Maternal response to LPS
Initially, we confirmed induction of an inflammatory response in LPS-injected dams. LPS treatment caused metabolic and behavioural changes typically associated with an inflammatory response, including reduced locomotor and exploratory activity, reduced food consumption and body weight, and increased circulating cytokine and chemokine levels. Long-term changes to offspring phenotype are known to result from a periconceptional maternal low-protein diet [2,16,17]. It could therefore be argued that the indirect effect of reduced food consumption might be the critical inductive event changing the adult phenotype. We believe this not to be the case, since (1) maternal food consumption was transiently reduced by an equivalent amount in all LPS groups, whilst changes in offspring phenotype were LPS dose-dependent; (2) reduction in maternal food consumption was temporally equivalent in all LPS groups, that is, maternal food consumption in all LPS groups returned to control levels at an equivalent rate; (3) maternal serum cytokine levels, a more direct measure of the inflammatory response, were LPS dose-dependent, corresponding with the resultant changes in offspring phenotype; and (4) maternal diet-induced programming is distinct from that reported here and affects particularly postnatal growth and cardiovascular function [16].

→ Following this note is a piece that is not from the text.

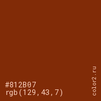 Цвет #812B07 в цветовой модели RGB обозначается тремя октетами (129, 43, 7) в десятичном формате и #812B07 в шестнадцатиричном (hex) формате, которые являются интенсивностью красного 129 (hex 81), интенсивность зелёного 43 (hex 2B) и интенсивность синего 7 (hex 07).
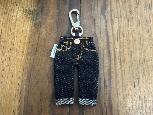 バックポケットに愛らしい“おもとり”の刺繍が施された、ミニジーンズ型キーホルダーの再入荷です。

Maternal LPS effect on blastocysts
Administration of LPS, including the low dose, on the day of zygote formation caused a reduction in GD 3.5 blastocyst ICM cell numbers and ICM:TE cell ratios. Reduced rodent blastocyst cell numbers have been induced by maternal protein undernutrition and in vitro culture and are associated with disease-related changes in postnatal physiology [2,6]. Similarly, mouse blastocyst cell numbers have been shown to be altered in response to maternal nutrition over a wider range [18]. Our current findings thus support the concept that altered blastocyst proliferation and lineage allocation may be useful early markers for diverse forms of developmental programming whetherlater effects on foetal and postnatal growth are induced (maternal protein restriction [16]) or not (current study). We also observed increased TE cell numbers coinciding with increased litter size only in the 10 μg/kg LPS group. This may reflect a 'trophic' effect mediated by a moderate release of inflammatory mediators, since cytokines and related signalling molecules are also important factors that are active during blastocyst development and implantation [19]. A greater degree of intrauterine growth restriction may have been exerted by the larger litter size in this low-dose LPS group and may explain the raised SBP (male offspring) seen here.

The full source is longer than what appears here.